Arizona Senate Bill 1271 was signed in to law on April 10, 2019. The Bill amends various parts of Arizona’s Purchaser Dwelling Act.[1] For those who practice in the area of construction law, and particular construction defect litigation, a review of the amendments and new sections is essential as many of the previous parts of the Act have changed. This blog will focus on a limited section of the Act that impacts additional insured coverage.
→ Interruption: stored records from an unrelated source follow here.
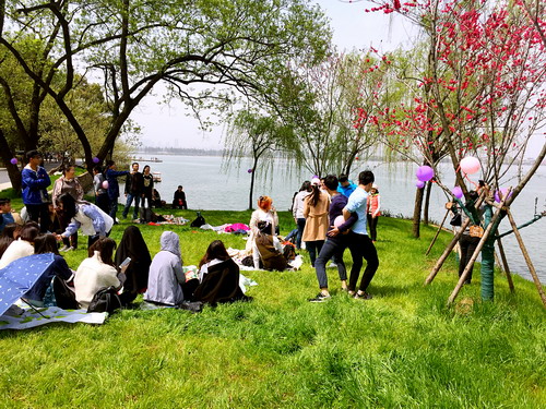 置身于摩拜自行车、小黄车、小蓝车、景区自备租用车等自行车流和徒步人群客流中,师生边行边讨论城市和景区公共基础设施与旅游服务的提供、生产与收费问题,在利用搜索引擎和地图软件导航时,又切实感受到当下中国及武汉东湖风景名胜区在智慧旅游建设上取得的进展,并针砭服务的缺口与不足。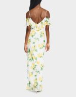 features a playful lemon print, ruffle detailing, and a trendy cold-shoulder design. Perfect for summer nights and adding a touch of fun to any outfit.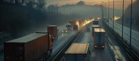 Traffic in the fog on the highway at sunset. Freight transportation.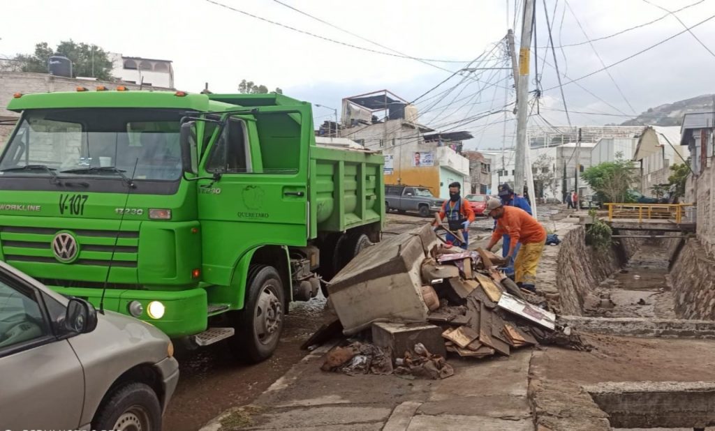 En el municipio de Querétaro, apuntó, se han atendido reportes en Bernardo Quintana a la altura del puente de las vías del tren; precisó que en esa zonas se tuvo que hacer limpieza de torrenteras.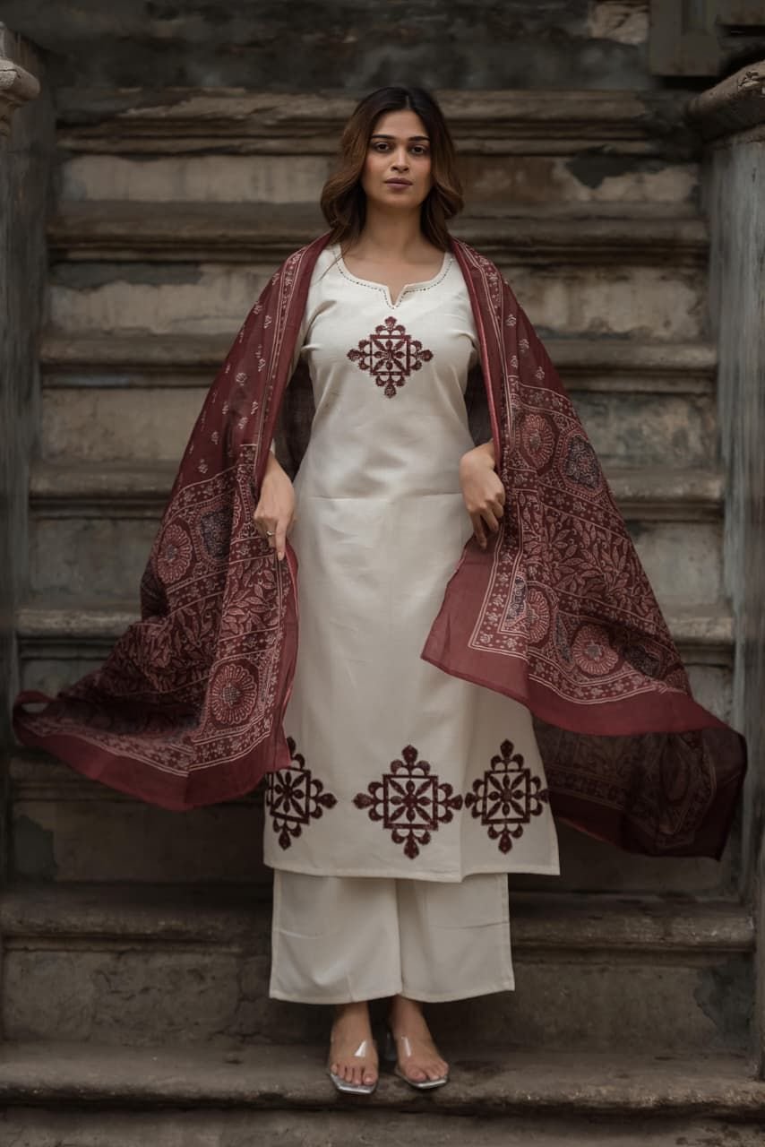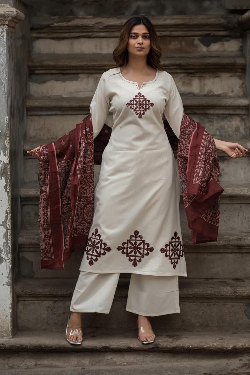The DU-637 Handloom Cotton 3PC Set blends traditional artistry with modern comfort. Crafted from breathable handloom cotton, the outfit offers a graceful A-line silhouette for effortless style.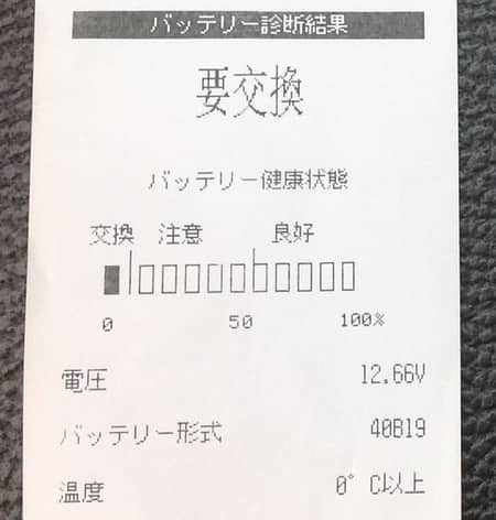 レシートのような診断結果が出てくるので、お客様ご自身にもバッテリーの状態を目で見て確認していただけます。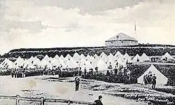 With the outbreak of the Rebellions of 1837–1838 the two regiments of Dundas Militia were again called out for the defence of the county. On 12 November 1838, men of the Hunters' Lodges came ashore in Prescott and took refuge in the windmill there, and a force of British Regulars along with the Grenville Militia, Glengarry Highlanders, Incorporated Militia, and Dundas Militia were dispatched to drive them back across the St Lawrence River. At the Battle of the Windmill, a force of 300 men from the 1st Dundas Regiment, commanded by Col. John Crysler, and the 2nd Dundas Regiment, commanded by Col. George Merkley, participated in the main attack on 13 November and were present for the surrender on 16 November.[1] Casualties from the Dundas Militia were three killed and eight wounded. It was during the Rebellion period that the regiments were collectively referred to as the Royal Dundas Militia, perhaps due to their gallant conduct at the battle, as evidenced on the flag of the 2nd Dundas Regiment.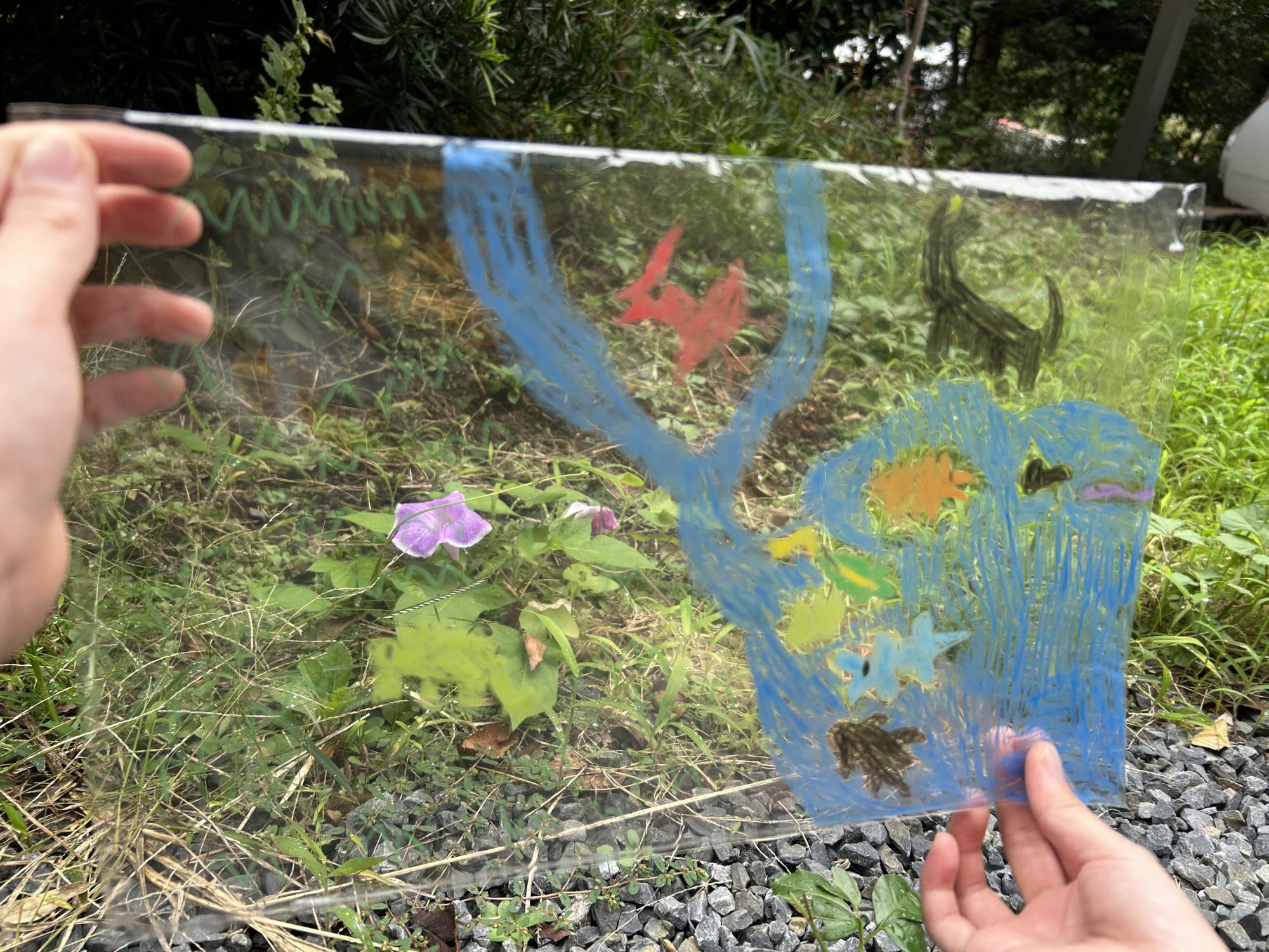 透明な支持体に描くとまるで絵が空に浮かんでいるみたいですね!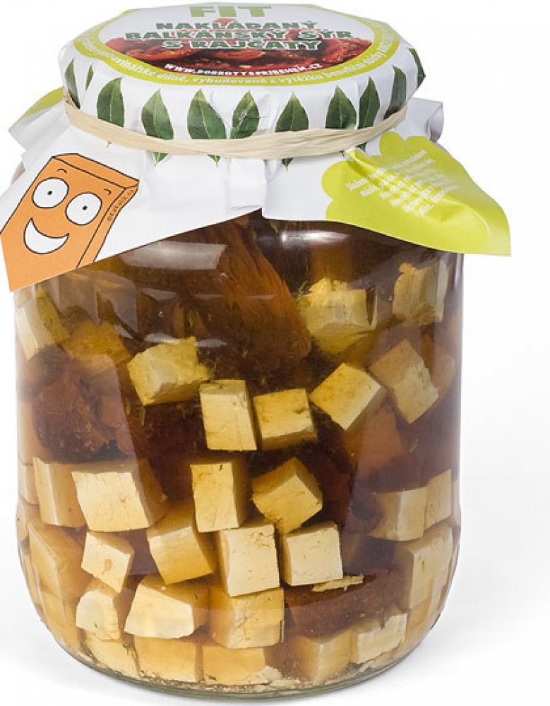 Složení: balkánský sýr 750 g, sušená rajčata 250 g, směs koření, rostlinný olej, voda

First and foremost, the Act applies to both contractors as well as design professionals and specifically broadly defines “Architect-Engineer Professional Service Contract” as used within the Act. With respect to contractual indemnification, the Arizona Legislature declared that a contract that “[p]urports to insure, to indemnify or to hold harmless the promisee from or against liability for loss or damage is against public policy of this state and is void only to the extent that it purports to insure, to indemnify or to hold harmless the promisee from or against liability or loss or damage resulting from the negligence of the promise or the promisee’s indemnitees, employees, subcontractors, consultants or agents other than the promisor.” The amendment to the Act, in the context of dwellings, is a change from the existing Arizona Anti-Indemnity Statute that made void indemnity for sole negligence and willful misconduct. The consequence of this modification in the scope of permissible indemnity is that for purposes of this Act, there never is an agreement where the indemnitor will accept the tort liability of the indemnitee. From a coverage perspective, this is significant because none of these indemnity agreements should qualify as an "insured contract" as used in exception f. of the standard CGL exclusion b.
In the context of additional insurance, the amendment to the Act now states that “[a]ny additional insured endorsement furnished pursuant to an agreement or collateral to a construction contract involving a dwelling does not obligate the insurer to indemnify the additional insured for the percentage of fault that is allocated to the additional insured. This subsection does not limit an insurer’s duty to defend an additional insured pursuant to the terms and conditions of an additional insured endorsement.” What is interesting about circumstances where the Act may apply, is that traditional additional insured endorsements offering coverage for damages “arising out of” or “caused in whole or in part”, are now statutorily limited to only providing an additional insured indemnity caused directly by the named insured.
Attorneys practicing either construction law or insurance coverage in Arizona, when confronted with a claim of professional negligence or general liability in the construction setting, should first analyze whether the claim involves a "dwelling" which falls within the Act. Unlike other construction settings such as public or commercial, this Act has serious implications from a procedural standpoint (not discussed in this blog), as well as risk spreading through express indemnity and additional insurance.
[1] Specifically, it amends A.R.S. § 12-1362 and § 12-1363, adding § 12-1364, and modifying Arizona’s existing Anti-Indemnity statute A.R.S. § 32-1159, by adding A.R.S. § 32-1159.01 applied to dwelling construction contracts.